The brokerage firm sells the stock for you and it is "marked to market" at the close of each day's trading. If it goes down from the point you sold at, you have a credit which you can withdraw if you wish, or use as initial margin on additional short sales of shares. If it goes up, you have a loss. At some threshold point, if the loss gets big enough, you will be required to post additional funds to the account to bring the balance up to the initial margin requirement in order to maintain the short position (this is called a "margin call"). You are also charged interest on the percentage difference between the initial margin you posted and the balance of the selling price of the stock from the date of the short sale.

Unlike a long position in stock purchasing, where your potential loss is limited to the value of your purchase and your potential profit is unlimited, a short sale limits your potential profit (the stock can't go below zero value) but presents potentially unlimited losses (there is no cap on how high a stock can go).

Hope that explains the basics.


----------



## UberLyftFlexWhatever (Nov 23, 2018)

SirNomad said:


> How many of you are actually short selling Uber IPO? I want in, but don't know much about this other than I borrow stock from a brokerage, immediately sell and buy back on the dip and give back the stock and I keep the margin. Is personal credit taken into account, or is this capped by how much you can hold in the broker? This is where it's muddied for me...


Uber's Global, This will be an international investment banker, Credit Suisse Group, Brown Brothers Harriman, Deutsche Bank etc. event. Individual investors will watch from the bleachers


----------



## Tarvus (Oct 3, 2018)

UberLyftFlexWhatever said:


> Uber's Global, This will be an international investment banker, Credit Suisse Group, Brown Brothers Harriman, Deutsche Bank etc. event. Individual investors do not apply


Nothing to stop a short seller in the open market after the IPO. Obviously, you can't sell short before the stock is offered, but once it begins trading, either on an exchange or NASDAQ, there is no reason why it could not be shorted.


----------



## UberLyftFlexWhatever (Nov 23, 2018)

Tarvus said:


> Nothing to stop a short seller in the open market after the IPO. Obviously, you can't sell short before the stock is offered, but once it begins trading, either on an exchange or NASDAQ, there is no reason why it could not be shorted.

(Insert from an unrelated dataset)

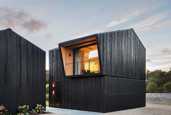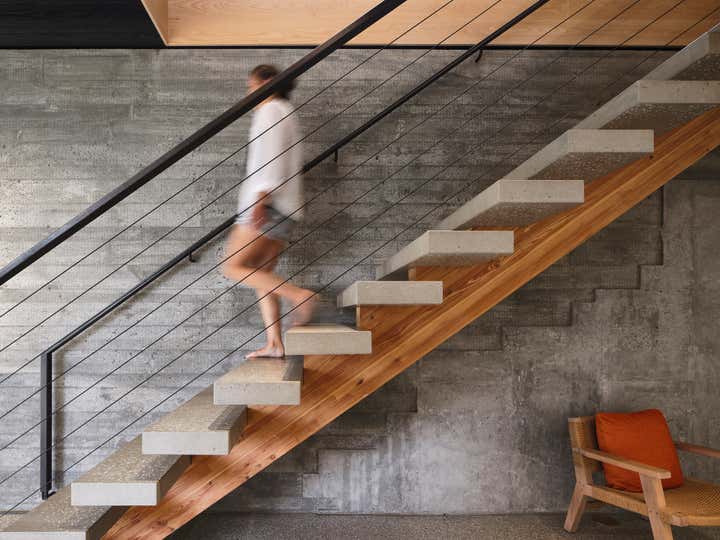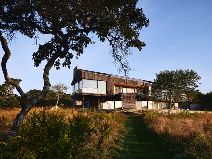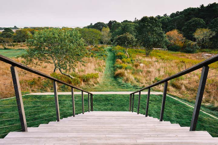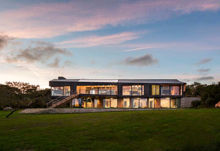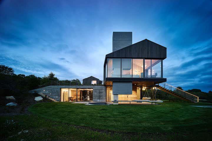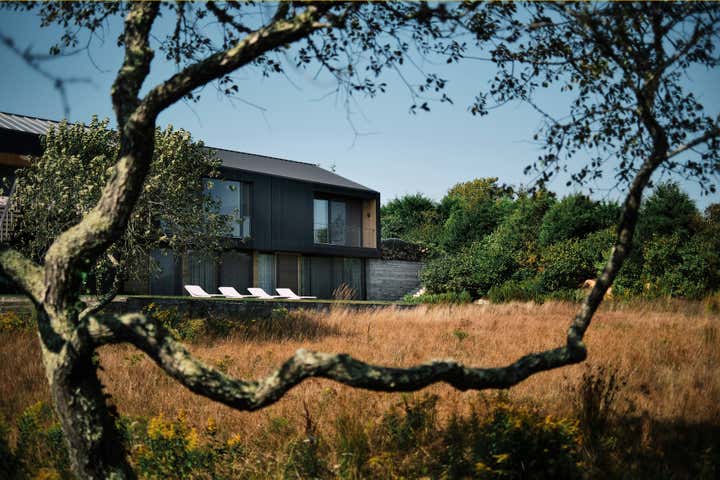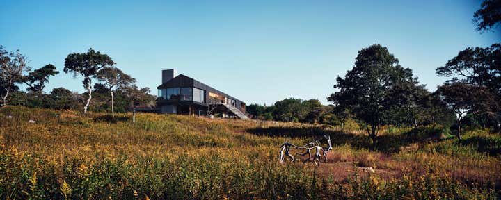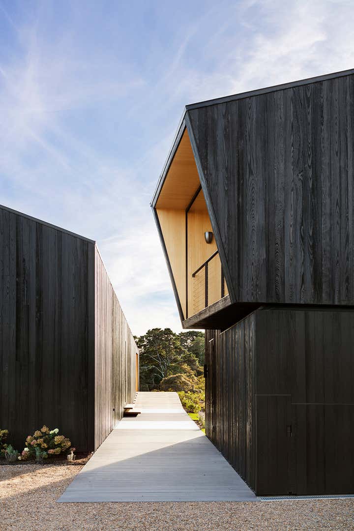 Designed and built in Chilmark, Massachusetts, the Chilmark House project covers almost five acres of previously unbuilt land in the heart of the farming and artistic community that is “Up-Island” Martha’s Vineyard. The site, a former sheep grazing field, overlooks Chilmark Pond, with long views to the Atlantic. I Architectural work was done in collaboration with Gray Organschi Architects of New Haven, Connecticut. Based on a love of the dense aggregation of New England’s farm complexes, we sited the studio and the house barns tightly together, creating a charged outdoor space between them, which provides the approach to the house’s entrance. The ceilings in the public rooms lift to the high ridges, with dropped areas to create a sleeping loft high in the roof. The lower level consists of a series of bedrooms with shared spaces between that look into light wells, landscaped with local rocks and moss. We designed and built many of the freestanding furniture pieces specifically for this project, enlisting great designers and long time collaborators. The house’s striking exterior was achieved used a historic Japanese woodworking method known as shou sugi ban, which preserves and finishes the wood by tactically burning it with fire.

On the day of the IPO, two main parties that hold inventory of the stock: the underwriters and institutional and retail investors. The SEC prohibits the underwriters from lending shares for short sale for *30 days*. In general, new investors in the IPO are unwilling to lend their shares out to be short sold.


----------



## 1.5xorbust (Nov 22, 2017)

Unfortunately you might get wiped out on the upside during any euphoria before the stock takes its inevitable nose dive. Timing is everything.


----------



## ANT 7 (Oct 14, 2018)

Since 99.99% of all IPO's pop (go up) afterwards you had better be prepared for the short squeeze.


----------